As qualidades mecânicas do A6 mostraram a que vieram na pista de testes. O câmbio manual mostrou-se superior em desempenho nas medições feitas por Autoesporte (
clique aqui para saber mais), levando o A6 de 0 a 100 km/h em 8,7 segundos e à velocidade máxima de 227 km/h -- marcas bastante boas para a categoria. A versão Tiptronic foi quase 10 km/h mais lenta e exigiu 2,2 segundos a mais na prova de aceleração, sem que isso represente uma perda sensível no comportamento.

A rotação da versão manual na velocidade máxima corresponderia à de potência máxima se ele atingisse os 236 km/h declarados pelo fabricante. Mas isso requer combustível de 98 octanas, o que indica uma possível melhora no desempenho caso se utilize gasolina Premium. O câmbio automático é bem mais longo, levando o A6 à velocidade máxima com 2.200 rpm a menos que o regime de maior potência.

Os bons resultados em retomada refletem a acertada distribuição de torque do motor V6: acelerar de 80 a 120 km/h em quinta requer 12,6 segundos, e em quarta, 9,5 segundos. O câmbio automático traz melhoras evidentes neste aspecto (realizou a prova em 7,2 segundos), pois engata marchas inferiores se necessário.

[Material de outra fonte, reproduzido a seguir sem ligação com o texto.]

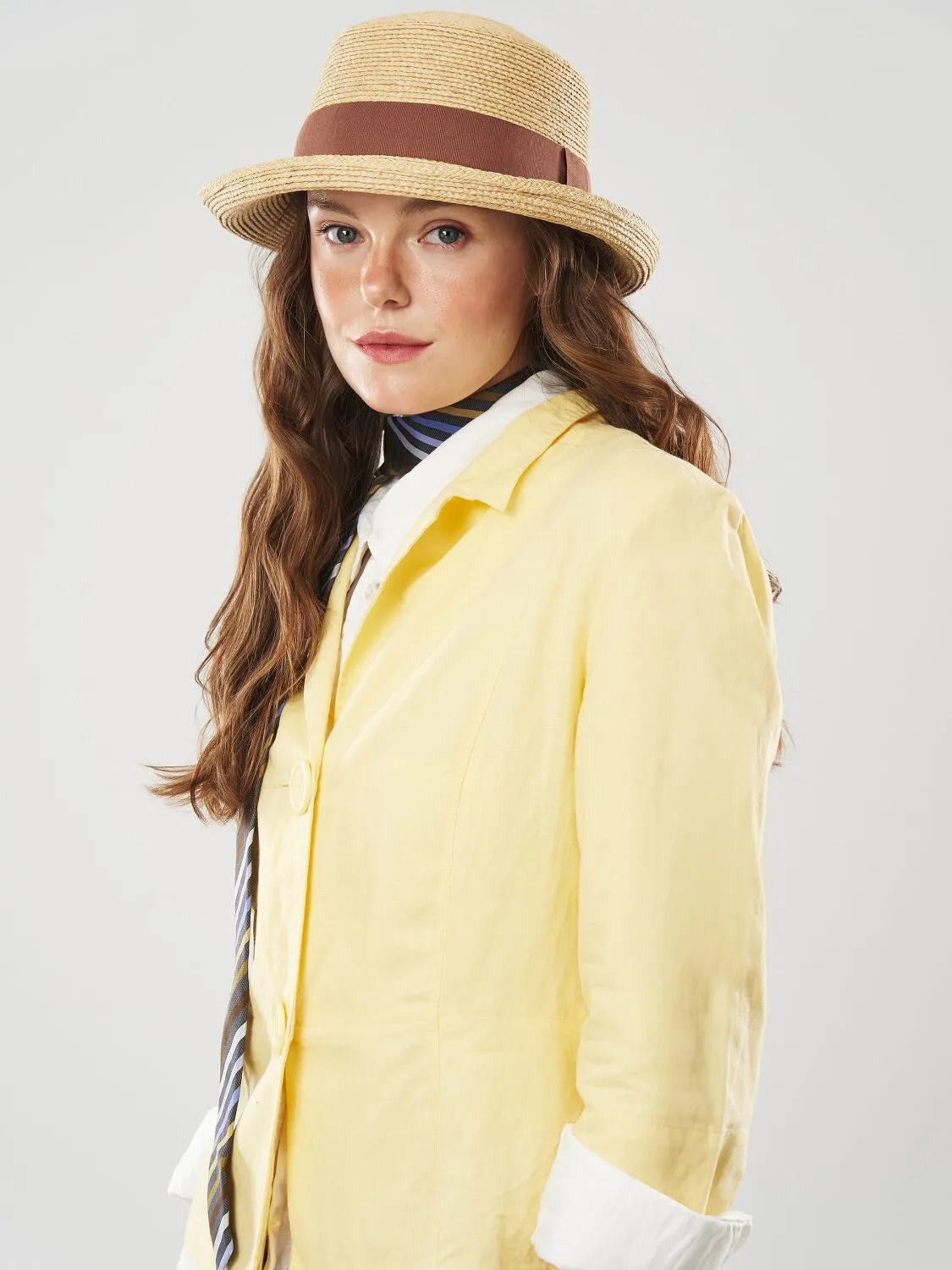 Капелюх канотьє з зігнутими вгору полями. Має середні поля та тулію з плоским верхом. Має шнурівки для фіксації на шиї. Зроблений з дихаючої матерії з захистом від ультрафіолету. Всередині є регулятор — липучка. Ідеальне рішення для довершення пляжного образу, відпочинку та підійде для прогулянок та щоденного носіння. Догляд - вологою губкою з додавання делікатного плину при потребі.

Surpreendente foi o menor consumo do A6 com Tiptronic. Empatou com o de câmbio manual no percurso urbano, com 6,1 km/l, e obteve a marca de 10,7 km/l na estrada, contra apenas 8,4 km/l. Além de comprovar a eficiência da transmissão de potência desse câmbio automático, o resultado explica-se pela relação final bem mais longa. A 100 km/h o motor gira a apenas 1.750 rpm, 30% menos que com câmbio manual.

Essa diferença também explica a ligeira vantagem do Tiptronic em nível de ruído em velocidade. A 120 km/h produziu 65,8 dB (A) contra 66,6 dB (A) do modelo manual. O A6 automático foi mais ruidoso, contudo, na aceleração até 5.000 rpm em primeira marcha, na marcha-lenta com ventilador acionado e no ruído de passagem, medição externa que simula o que um pedestre escutaria a 7,5 metros do veículo.

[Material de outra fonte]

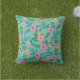 Add some bright and colourful style to your patio, backyard or pool area this summer with our tropical floral pattern outdoor pillow. Square or lumbar throw pillow features coral and pink flowers and lush green leaves on a vibrant turquoise aqua background. Pops of bright pink and green give this pillow a modern tropical feel, making it a perfect choice for your poolside or patio decor! Design repeats on reverse.

Neutro nas curvas, rápido no slalom, atingiu 0,85 g de aceleração lateral sem comprometer o conforto


Já nas distâncias de parada o A6 manual obteve melhores resultados, como ao se imobilizar a partir de 100 km/h em 42,1 metros, contra 44 metros do automático. A diferença pode ser atribuída ao maior peso do Tiptronic, 1.571 kg contra 1.531 kg, pois ambos possuem os mesmos freios e pneus. A maciez e modulabilidade do pedal é um ponto positivo em ambos.

Quanto à estabilidade, o A6 mostrou competência. Embora macio e confortável (apenas exige cuidado acima da média com buracos, para não danificar as rodas e os pneus de perfil baixo), comporta-se como um esportivo nas curvas velozes. O comportamento é neutro e a inclinação da carroceria aceitável. O modelo de câmbio manual foi marginalmente mais rápido em aceleração lateral (0,85 contra 0,84 g), outra vez em função do menor peso na frente. Mas perdeu para o Tiptronic no slalom, prova com curvas alternadas e sucessivas entre cones. O automático cumpriu o percurso de 90 metros em 6,2 segundos, ante 6,5.

Apenas a título de curiosidade, já que ninguém vai andar em zigue-zague, o resultado do A6 manual supera o obtido há dois anos pelo A4, o que mostra que o desenvolvimento já tornou um carro grande tão ágil em curvas quanto um médio.